I currently have a system of odes with a time-dependent constant. E.g.
def fun(u, t, a, b, c):
x = u[0]
y = u[1]
z = u[2]
dx_dt = a * x + y * z
dy_dt = b * (y-z)
dz_dt = -x*y+c*y-z
return [dx_dt, dy_dt, dz_dt]
The constants are "a", "b" and "c". I currently have a list of "a"s for every time-step which I would like to insert at every time-step, when using the scipy ode solver...is this possible?
Thanks!
Yes, this is possible. In the case where a is constant, I guess you called scipy.integrate.odeint(fun, u0, t, args) where fun is defined as in your question, u0 = [x0, y0, z0] is the initial condition, t is a sequence of time points for which to solve for the ODE and args = (a, b, c) are the extra arguments to pass to fun.
In the case where a depends on time, you simply have to reconsider a as a function, for example (given a constant a0):
def a(t):
return a0 * t
Then you will have to modify fun which computes the derivative at each time step to take the previous change into account:
def fun(u, t, a, b, c):
x = u[0]
y = u[1]
z = u[2]
dx_dt = a(t) * x + y * z # A change on this line: a -> a(t)
dy_dt = b * (y - z)
dz_dt = - x * y + c * y - z
return [dx_dt, dy_dt, dz_dt]
Eventually, note that u0, t and args remain unchanged and you can again call scipy.integrate.odeint(fun, u0, t, args).
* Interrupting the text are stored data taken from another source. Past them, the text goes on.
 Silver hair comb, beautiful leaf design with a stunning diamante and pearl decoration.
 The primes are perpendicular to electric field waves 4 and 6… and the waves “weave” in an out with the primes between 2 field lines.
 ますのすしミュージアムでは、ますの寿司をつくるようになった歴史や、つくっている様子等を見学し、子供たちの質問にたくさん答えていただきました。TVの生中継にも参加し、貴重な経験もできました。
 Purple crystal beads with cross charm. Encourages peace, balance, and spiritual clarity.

A word about the correctness of this approach. The performance of the approximation of the numerical integration is affected, I don't know precisely how (no theoretical guarantees) but here is a simple example which works:
import matplotlib.pyplot as plt
import numpy as np
import scipy as sp
import scipy.integrate
tmax = 10.0
def a(t):
if t < tmax / 2.0:
return ((tmax / 2.0) - t) / (tmax / 2.0)
else:
return 1.0
def func(x, t, a):
return - (x - a(t))
x0 = 0.8
t = np.linspace(0.0, tmax, 1000)
args = (a,)
y = sp.integrate.odeint(func, x0, t, args)
fig = plt.figure()
ax = fig.add_subplot(111)
h1, = ax.plot(t, y)
h2, = ax.plot(t, [a(s) for s in t])
ax.legend([h1, h2], ["y", "a"])
ax.set_xlabel("t")
ax.grid()
plt.show()
I Hope this will help you.
No, that is not possible in the literal sense of
"I currently have a list of "a"s for every time-step which I would like to insert at every time-step"
as the solver has adaptive step size control, that is, it will use internal time steps that you have no control over, and each time step uses several evaluations of the function. Thus there is no connection between the solver time steps and the data time steps.
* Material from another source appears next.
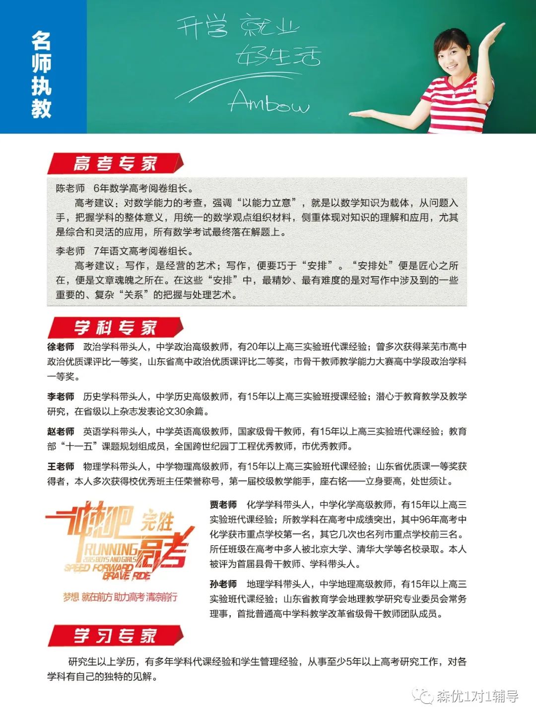老師好:學(xué)科名師全職任教,均有高級職稱,高三實驗班帶班經(jīng)驗均在15年以上。

In the extended sense that the given data defines a piecewise constant step function however, there are several approaches to get to a solution.
You can integrate from jump point to jump point, using the ODE function with the constant parameter for this time segment. After that use numpy array operations like concatenate to assemble the full solution.
You can use interpolation functions like numpy.interp or scipy.interpolate.interp1d. The first gives a piecewise linear interpolation, which may not be desired here. The second returns a function object that can be configured to be a "zero-order hold", which is a piecewise constant step function.
You could implement your own logic to go from the time t to the correct values of those parameters. This mostly applies if there is some structure to the data, for instance, if they have the form f(int(t/h)).
Note that the approximation order of the numerical integration is not only bounded by the order of the RK (solve_ivp) or multi-step (odeint) method, but also by the differentiability order of the (parts of) the differential equation. If the ODE is much less smooth than the order of the method, the implicit assumptions for the step size control mechanism are violated, which may result in a very small step size requiring a huge number of integration steps.
I also encountered similar problem. In my case, parameters a, b, and c are not in direct function with time, but determined by x, y, and z at that time. So I have to get x, y, z at time t, and calculate a, b, c for the integration calculation for x, y, z at t+dt. It turns out that if I change dt value, the whole integration result will change dramatically, even to something unreasonable.